As an alternative to such an apology, I suggest that the Democrats seize the opportunity to emphasize substance rather symbolism. There are two actions that they can take right now which will accomplish far more than more flowery words to better the lives of ordinary blacks.
First, the Democrats can come out strongly against continuation of the drug war. For nearly a century, this war has fostered disorder, death, and decay in countless urban black neighborhoods. It has also ruined the lives of thousands of black men by confining them to prison.
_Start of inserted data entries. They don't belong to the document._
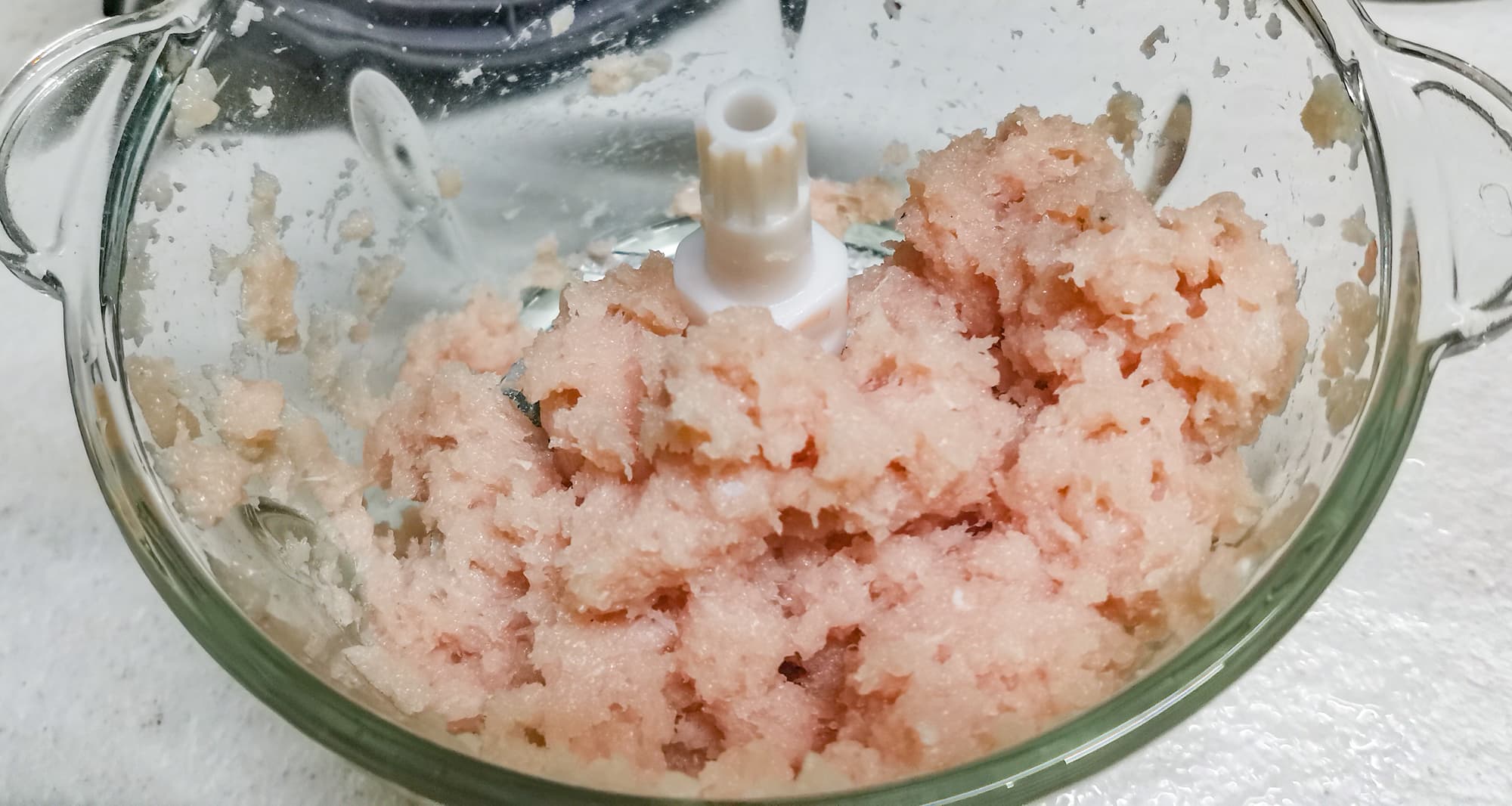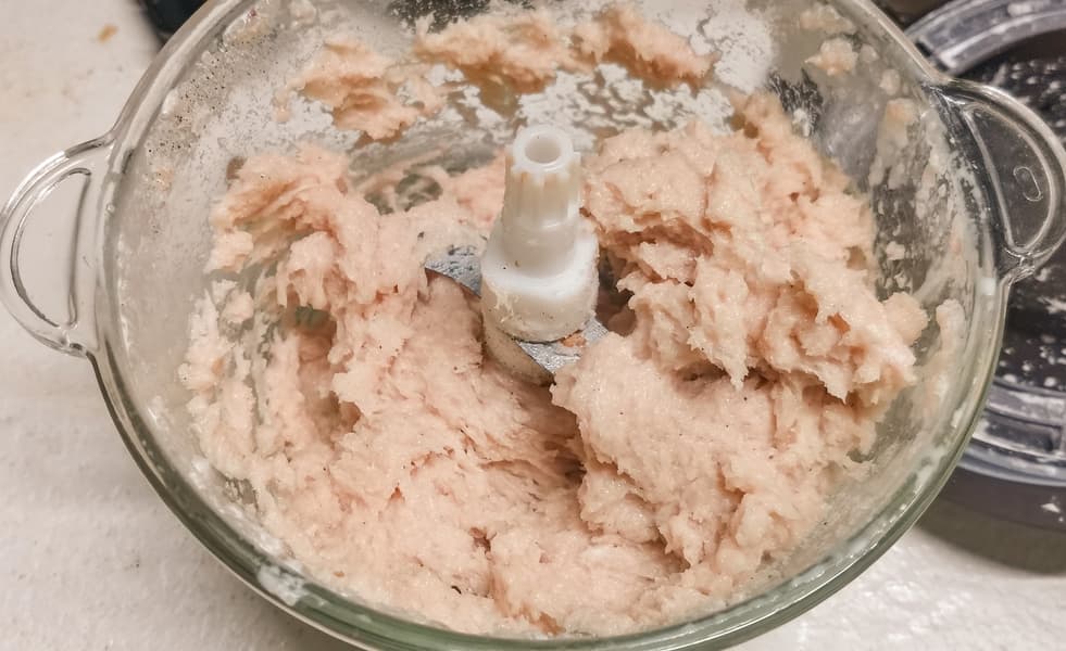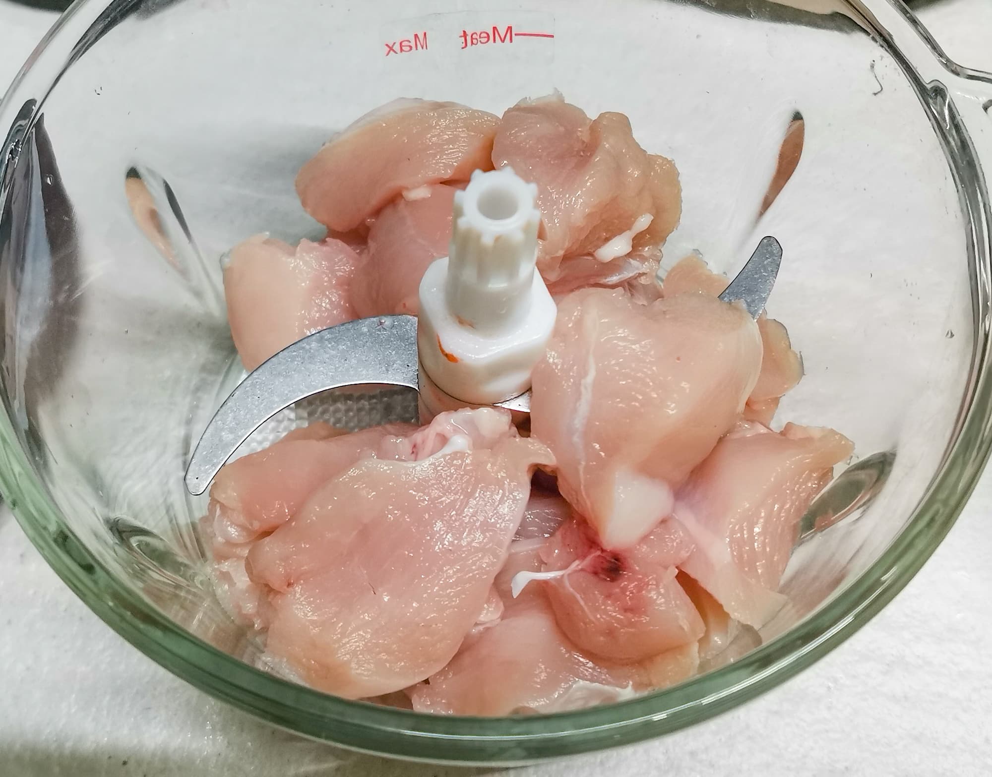 Мы взяли куриную грудку, нарезали крупными кусками, положили в емкость около 400 г и измельчали в течение 15 секунд.
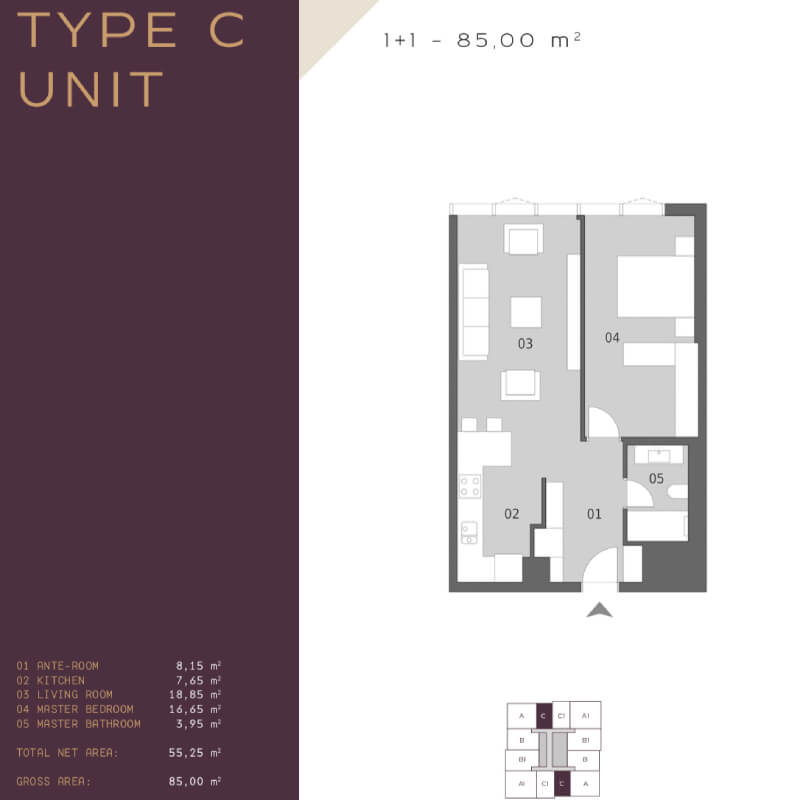 Housing types: 1 + 1, 2 + 1, 4 + 1, 5 + 1, 5 + 2, 4 + 2
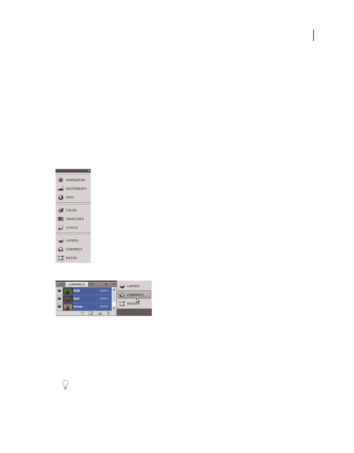 Show/hide all layers but the selected one Alt-click eye icon Option-click eye icon
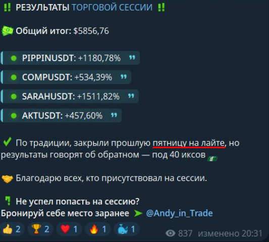 Обзор проекта по крипте «Андрей Трейдит»: анализ контента в телеграмм-канале Andy in Trade, отзывы подписчиков о предложениях Фролова
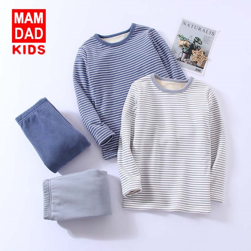 KIDS MAM&DAD 爸妈亲儿童双面磨毛加绒内衣套装秋冬加厚保暖衣中大童秋衣秋裤套装 86282(00236)
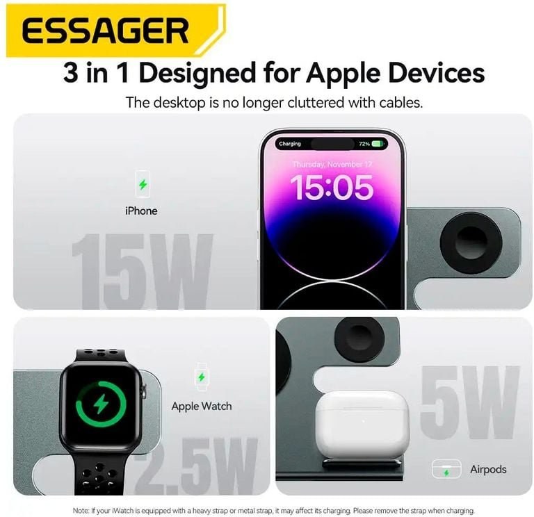 Essager stolná magnetická nabíjačka 3v1,15W

A second way for the Democrats to show that are sincere in their desire to help blacks is to condemn the Supreme Court's Kelo decision in no uncertain terms. Better yet, they can support state laws to ban the use of eminent to subsidize"development." As in the drug war, the primary victims of eminent domain are urban dwellers, many of them black, who lack political clout. Update:
Interestingly, Clarence Thomas's dissent in Kelo cogently stresses how eminent domain projects since the 1950s have disproportionately harmed blacks:
Those incentives have made the legacy of this Courts public purpose test an unhappy one. In the 1950s, no doubt emboldened in part by the expansive understanding of public use this Court adopted in Berman, cities rushed to draw plans for downtown development. Of all the families displaced by urban renewal from 1949 through 1963, 63 percent of those whose race was known were nonwhite, and of these families, 56 percent of nonwhites and 38 percent of whites had incomes low enough to qualify for public housing, which, however, was seldom available to them. Public works projects in the 1950s and 1960s destroyed predominantly minority communities in St. Paul, Minnesota, and Baltimore, Maryland. In 1981, urban planners in Detroit, Michigan, uprooted the largely lower-income and elderly Poletown neighborhood for the benefit of the General Motors Corporation. Urban renewal projects have long been associated with the displacement of blacks; [i]n cities across the country, urban renewal came to be known as Negro removal. Over 97 percent of the individuals forcibly removed from their homes by the slum-clearance project upheld by this Court in Berman were black. Regrettably, the predictable consequence of the Court’s decision will be to exacerbate these effects.